International career
- Years: Team / Apps / (Points)
- Netherlands

= Sep Visser =

Netherlands international rugby union player

Sep Visser (/nl/; born 14 December 1990) is a Netherlands international rugby union player. He most recently played as a dual player for Boroughmuir RFC and Edinburgh Rugby, playing as a centre and a wing.

==Early career==
He joined the Newcastle Falcons Academy as a teenager, following his brother Tim Visser. After moving from the Netherlands (where he played for RC Hilversum) to England, he joined the Newcastle Falcons Academy and went on to represent the Falcons in the Middlesex Sevens in 2007. He remained at Kingston Park until 2009, then he joined Tynedale R.F.C.

==Club career==
He was successful at Tynedale R.F.C. having scored 23 tries in 29 games in the 2010–2011 season for the Northumberland club.

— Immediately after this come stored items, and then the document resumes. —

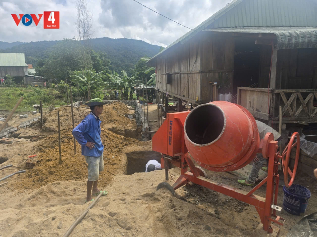 Đã gần trưa, vợ chồng chị Đinh Thị Lá (29 tuổi) vẫn miệt mài cùng thợ hồ, vận hành máy trộn xi măng để xây dựng ngôi nhà mới. Đây là một hình ảnh hiếm thấy trước đây, nhưng nay đã trở nên quen thuộc khi bà con nhanh chóng đưa máy móc vào sử dụng, giảm bớt sức lao động và đẩy nhanh tiến độ. Chị Lá xúc động, cuộc sống ngôi làng bao năm buồn tẻ, nay đã thay đổi hoàn toàn. Tối đến, điện sáng cả làng, trẻ con ê a học bài, cả làng bỗng vui hẳn lên: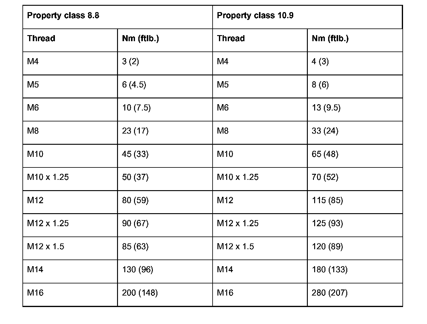 ^ If 8.8 screws are to be installed, the screws must be replaced.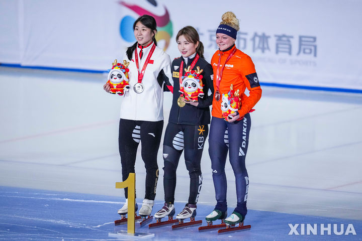 [베이징=신화/뉴시스] 김길리(가운데)가 9일(현지시각) 중국 베이징에서 열린 2023-24 국제빙상경기연맹(ISU) 쇼트트랙 월드컵 3차 대회 여자 1500m 정상에 올라 금메달을 목에 걸고 기념 촬영 하고 있다. 김길리는 2분25초830으로 중국의 궁리(2분26초142)를 여유롭게 따돌렸다. 2023.12.10.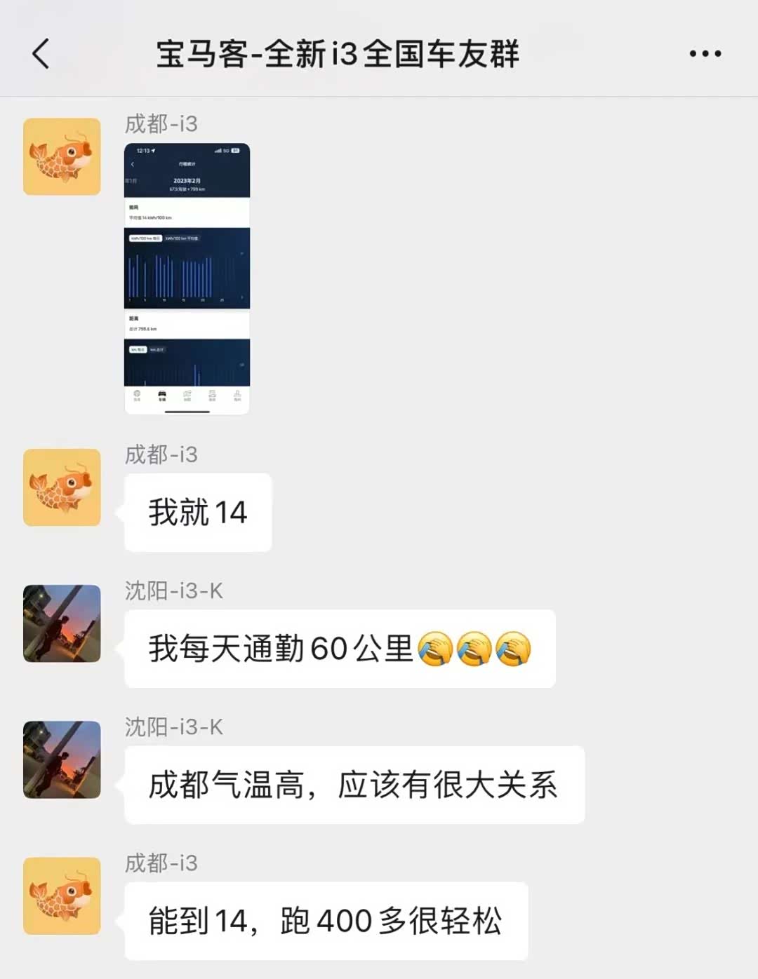 从宝马客全新i3车主群的车主反馈来看,一位全新i3 eDrive35L车主的2月份平均电耗为百公里14kWh,相较于官方宣传的百公里14.3kWh有明显下降,所以相信标称百公里14.1kWh的全新i3 eDrive40L会有更出色的实际表现。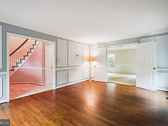 OPEN SUNDAY OCTOBER 6 , Noon - 3PM....Spacious 4 bedroom brick front colonial on a spectacular lot backing to county parkland....Gracious 2 story entry foyer....Living room to the right of the entrance with hardwood floors and wainscotting....Doors in the back of the living room open to the family room which has been freshly painted. Brick front fireplace wood burning fireplace in the family room with a firewood alcove. Hardwoods beneath the carpet....Family room is off the freshly painted kitchen....Kitchen has separate breakfast room and plenty of counter space. Also, plenty of storage with 3 pantries....Separate formal dining room with hardwood floors....The main floor also has a large office with hardwood floors. This room could easily become a main floor bedroom. Behind the office is a large laundry area and a separate shower. Plenty of space here to have both a laundry area and a full bath.....Crown molding in the living room, dining room and family room....Upper level has 4 bedrooms and 2 full baths....Primary bedroom has 2 double closets and a linen closet....Full bath off the main bedroom with 2 vanities....Walk out basement currently unfinished and ready for your design ideas....Screened porch off the breakfast room with a vaulted ceiling, skylights and a ceiling fan....Huge fenced rear yard backs to trees - county parkland....2 car garage. Pull down stairs in the garage ceiling....Ramp from the garage into the main level office. (Can be removed upon request.) Also grab bars in the main level half bath, the main level shower and the upper level hall bath....HVAC 2014. Newer water heater...2nd refrigerator in the laundry area conveys

In July 2011 Visser agreed a professional contract with for the 2011–12 season but would initially play on a dual contract with Boroughmuir RFC. He joined brother Tim, who was the top scorer in the 2010–11 Magners League. It was announced in April 2013, that he had been released from Edinburgh Rugby.

==International career==
He has been capped 15 times by the Netherlands national rugby union team

His father, Marc Visser, is the most capped played for the Netherlands national rugby union team. His brother Tim represents the Scotland national rugby union team.